To do
Take from the entries below the stretch from the line with "主卧有一个大飘窗,采光很好,藏青色和米色的搭配,非常的温馨干净。" through the line with "Nasi Gurih, Ayam", and return it exactly, leaving the pictures out.

____ Raw data

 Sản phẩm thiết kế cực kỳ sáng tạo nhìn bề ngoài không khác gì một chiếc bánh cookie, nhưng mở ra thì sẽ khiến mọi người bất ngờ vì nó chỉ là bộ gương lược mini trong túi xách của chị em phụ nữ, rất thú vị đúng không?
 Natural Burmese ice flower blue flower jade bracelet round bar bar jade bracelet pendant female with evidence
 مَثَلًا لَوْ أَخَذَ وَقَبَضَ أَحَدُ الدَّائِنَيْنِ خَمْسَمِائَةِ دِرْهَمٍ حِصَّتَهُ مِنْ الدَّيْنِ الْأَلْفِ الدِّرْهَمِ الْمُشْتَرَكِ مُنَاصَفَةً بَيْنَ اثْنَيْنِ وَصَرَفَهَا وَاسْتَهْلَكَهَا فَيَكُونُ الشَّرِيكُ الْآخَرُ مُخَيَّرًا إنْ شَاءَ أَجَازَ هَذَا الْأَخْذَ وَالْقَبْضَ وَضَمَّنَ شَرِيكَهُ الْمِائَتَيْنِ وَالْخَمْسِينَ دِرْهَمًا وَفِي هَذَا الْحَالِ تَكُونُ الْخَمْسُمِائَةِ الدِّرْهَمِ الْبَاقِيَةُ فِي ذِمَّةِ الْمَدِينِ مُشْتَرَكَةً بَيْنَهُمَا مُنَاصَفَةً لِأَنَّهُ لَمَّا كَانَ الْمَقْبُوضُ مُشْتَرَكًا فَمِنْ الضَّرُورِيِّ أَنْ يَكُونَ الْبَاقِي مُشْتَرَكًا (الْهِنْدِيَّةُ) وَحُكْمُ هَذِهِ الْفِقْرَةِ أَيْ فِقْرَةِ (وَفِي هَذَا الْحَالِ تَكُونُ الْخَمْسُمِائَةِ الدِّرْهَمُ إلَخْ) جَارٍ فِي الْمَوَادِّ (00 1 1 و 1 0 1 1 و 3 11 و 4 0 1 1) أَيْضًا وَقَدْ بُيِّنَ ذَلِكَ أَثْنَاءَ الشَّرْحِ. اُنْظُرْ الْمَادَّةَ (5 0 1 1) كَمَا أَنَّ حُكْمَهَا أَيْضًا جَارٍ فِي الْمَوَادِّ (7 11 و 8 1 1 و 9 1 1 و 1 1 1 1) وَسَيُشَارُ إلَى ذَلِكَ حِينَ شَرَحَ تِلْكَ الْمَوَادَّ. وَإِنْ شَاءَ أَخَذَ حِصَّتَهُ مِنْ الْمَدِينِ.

________
____ Raw data

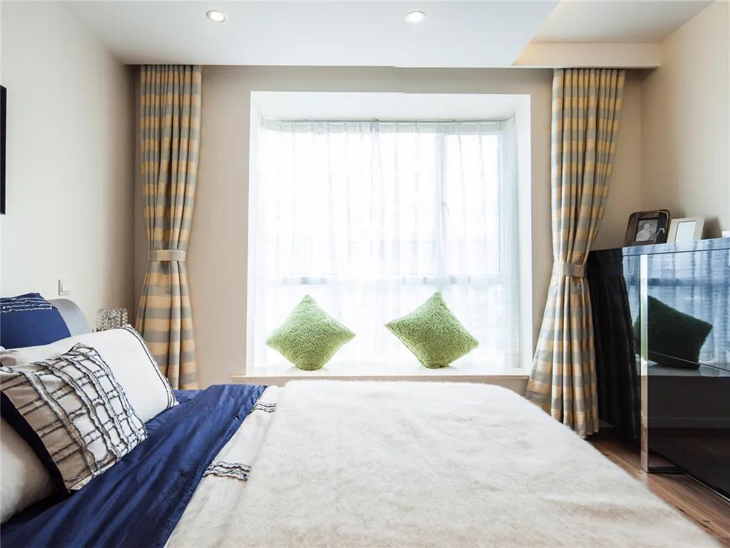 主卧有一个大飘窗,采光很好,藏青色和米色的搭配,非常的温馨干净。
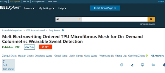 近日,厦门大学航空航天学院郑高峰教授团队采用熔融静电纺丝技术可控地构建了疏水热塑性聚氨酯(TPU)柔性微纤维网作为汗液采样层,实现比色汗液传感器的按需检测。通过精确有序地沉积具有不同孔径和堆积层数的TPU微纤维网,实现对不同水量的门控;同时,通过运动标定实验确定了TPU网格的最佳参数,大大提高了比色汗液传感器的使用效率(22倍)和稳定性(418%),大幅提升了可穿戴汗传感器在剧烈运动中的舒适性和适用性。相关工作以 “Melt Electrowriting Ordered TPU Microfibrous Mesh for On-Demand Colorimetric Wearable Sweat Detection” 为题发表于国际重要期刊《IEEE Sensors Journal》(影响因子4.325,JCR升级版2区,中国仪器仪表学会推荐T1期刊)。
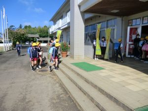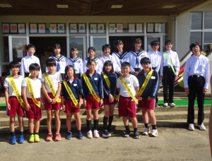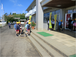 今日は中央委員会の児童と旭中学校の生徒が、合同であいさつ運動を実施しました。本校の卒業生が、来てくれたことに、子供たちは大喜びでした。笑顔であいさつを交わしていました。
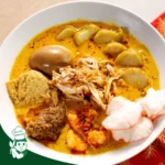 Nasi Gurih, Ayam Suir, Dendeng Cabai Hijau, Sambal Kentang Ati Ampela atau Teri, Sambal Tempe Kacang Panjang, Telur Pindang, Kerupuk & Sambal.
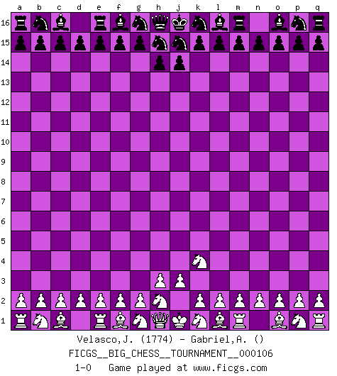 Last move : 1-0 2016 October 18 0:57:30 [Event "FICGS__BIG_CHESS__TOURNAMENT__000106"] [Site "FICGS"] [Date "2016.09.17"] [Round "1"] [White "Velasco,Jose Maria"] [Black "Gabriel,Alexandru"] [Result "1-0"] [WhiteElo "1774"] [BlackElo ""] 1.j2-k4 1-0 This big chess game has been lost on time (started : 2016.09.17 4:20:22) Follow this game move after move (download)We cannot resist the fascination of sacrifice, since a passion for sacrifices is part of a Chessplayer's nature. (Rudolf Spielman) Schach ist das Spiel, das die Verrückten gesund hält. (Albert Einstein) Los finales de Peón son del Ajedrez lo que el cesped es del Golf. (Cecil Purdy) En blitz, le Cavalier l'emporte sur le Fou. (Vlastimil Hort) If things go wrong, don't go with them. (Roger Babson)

________
____ Raw data

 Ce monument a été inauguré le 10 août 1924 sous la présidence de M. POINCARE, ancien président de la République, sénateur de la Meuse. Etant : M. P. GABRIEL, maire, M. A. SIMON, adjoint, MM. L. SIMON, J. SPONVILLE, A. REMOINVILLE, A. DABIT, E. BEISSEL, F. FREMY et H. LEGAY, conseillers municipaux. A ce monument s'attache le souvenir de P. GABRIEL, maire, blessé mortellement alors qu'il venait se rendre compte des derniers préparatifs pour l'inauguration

________

Task solution
 主卧有一个大飘窗,采光很好,藏青色和米色的搭配,非常的温馨干净。
 近日,厦门大学航空航天学院郑高峰教授团队采用熔融静电纺丝技术可控地构建了疏水热塑性聚氨酯(TPU)柔性微纤维网作为汗液采样层,实现比色汗液传感器的按需检测。通过精确有序地沉积具有不同孔径和堆积层数的TPU微纤维网,实现对不同水量的门控;同时,通过运动标定实验确定了TPU网格的最佳参数,大大提高了比色汗液传感器的使用效率(22倍)和稳定性(418%),大幅提升了可穿戴汗传感器在剧烈运动中的舒适性和适用性。相关工作以 “Melt Electrowriting Ordered TPU Microfibrous Mesh for On-Demand Colorimetric Wearable Sweat Detection” 为题发表于国际重要期刊《IEEE Sensors Journal》(影响因子4.325,JCR升级版2区,中国仪器仪表学会推荐T1期刊)。
 今日は中央委員会の児童と旭中学校の生徒が、合同であいさつ運動を実施しました。本校の卒業生が、来てくれたことに、子供たちは大喜びでした。笑顔であいさつを交わしていました。
 Nasi Gurih, Ayam Suir, Dendeng Cabai Hijau, Sambal Kentang Ati Ampela atau Teri, Sambal Tempe Kacang Panjang, Telur Pindang, Kerupuk & Sambal.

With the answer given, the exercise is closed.